By this point, having detailed the rather rudimentary feature of
instant replay, which had been in football video games for
approximately five years by this point, the advertorial seems just a
bit condescending. The ad moves on to the game's statistical
capabilities: "Tecmo's stats engine has always been unsurpassed.
This year we've added the ability to keep the stats from any player
in any position even if it's only for 1 play during the entire
season. Here's your one and only chance to re-write the record book."
Okay. And as for the play-calling capabilities: "From the game
play menu, you now have access to the entire playbook for the
immediate play. ...for [sic] more plays than you can possibly want,
use, call, send-in, modify, change, and/or run as the case may be."
To this point, none of
these features seem particularly revolutionary. Only when it comes to
weather does the advertisement (if not the game itself) speak to
something original: "Ordinary football games sometimes have
weather conditions. So far as we know, Tecmo Super Bowl is the
only game to actually change the weather during the game. So one
minute it could be raining, and then it could start snowing, or then
again stop or actually it's too variable to give you all the possible
scenarios." From here the advertorial-cum-term paper moves into
its conclusion, under the heading "MORE, MORE AND MORE":
"We've tried to highlight some of the most important new
features of Tecmo Super Bowl for the Sony PlayStation.

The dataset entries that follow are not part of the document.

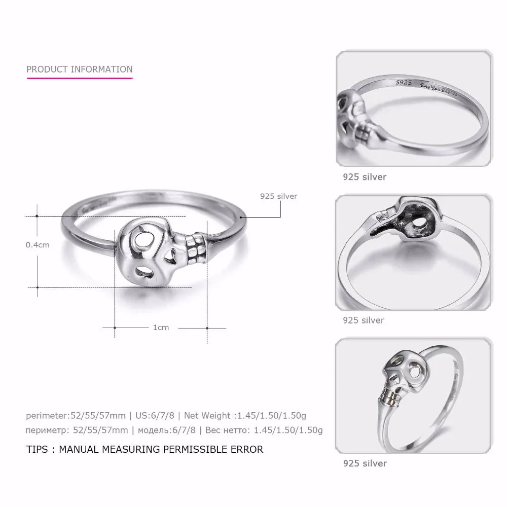 Skull 925 Sterling Silver Rings Co Unisex Party Punk Skeleton Rings 2020 Fine Jewelry Best Gift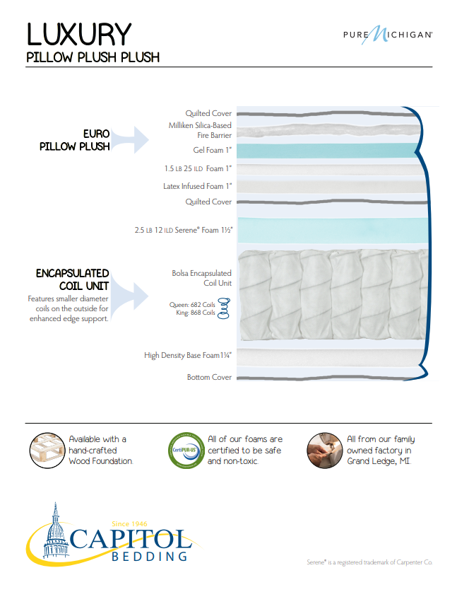 Item Description Mapes Furniture carries mattresses that represent the very best of what Capitol Bedding hand-crafts every day. The highest quality components combine with exquisite details found in few other mattresses to give you the most restful nights sleep for many many years to come. Custom order in your size and comfort choices. Mapes Furniture and Capitol Bedding are a dreamy combination.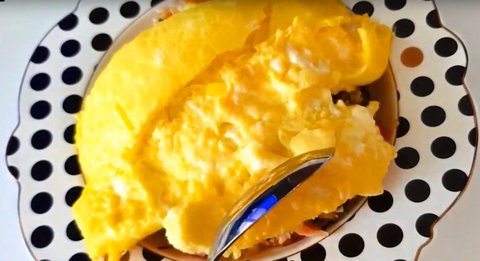 그 위에 오믈렛을 올려서 톡! 터트려 줍니다~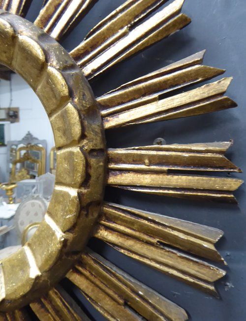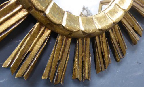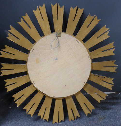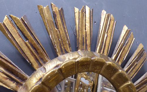 Ref 7635 - Carved giltwood sunburst mirror with original glass. Circa 1960.

Obviously, there are more features than we can possibly list. Tecmo
Super Bowl is one of the most realistic and sophisticated
football simulators ever created. Aside from all the technical
improvements, think about the following: [...]." It is at this
point that the advertorial switches its mode of persuasion from
rhetorical to mathematical, providing this formula: "1 TECMO
SUPER BOWL/1 SONY PLAYSTATION/1 Television + 2 OR MORE PLAYERS =
GREAT FOOTBALL FUN."
For those rationalists
among the gaming crew, this straightforward, detailed explanation
might have us wetting our lips. But rationalism died out in
advertising in the 1920s. Even if your game (or any product, really),
lives up to the arguments and overall thesis you put forward in the
advertisement, it will do little to sway a consumer. Since Edward
Bernays introduced psychoanalytic principles to public relations and
advertising, desire has been all the rage in selling products. In
that sense, Tecmo's ad-staff and CEO were about seven decades behind
the curve. They fare better when it comes to football video games, as
they’re only a several years behind. Tecmo Super Bowl does not even
live up to its description. Graphically, it’s a pixelated
nightmare, even compared to contemporaneous offerings of Madden
and Gameday. Moreover, the announcer is minimalistic. The only
redeeming feature is the ability to trade any player to any team.
Regardless, Tecmo Bowl for NES this is not, and reading the
above description, you almost feel as if you don't have to play the
game to know that. Rereading the ad in the context of Tecmo Super
Bowl’s failings, it comes off more like an argument justifying
the game’s existence, rather than attesting to any merit it might
actually have. It is, in sum, not "GREAT FOOTBALL FUN", but
more like MODERATE FOOTBALL FUN, at best. Tecmo Super Bowl,
then, is one game that reads a lot better than it plays.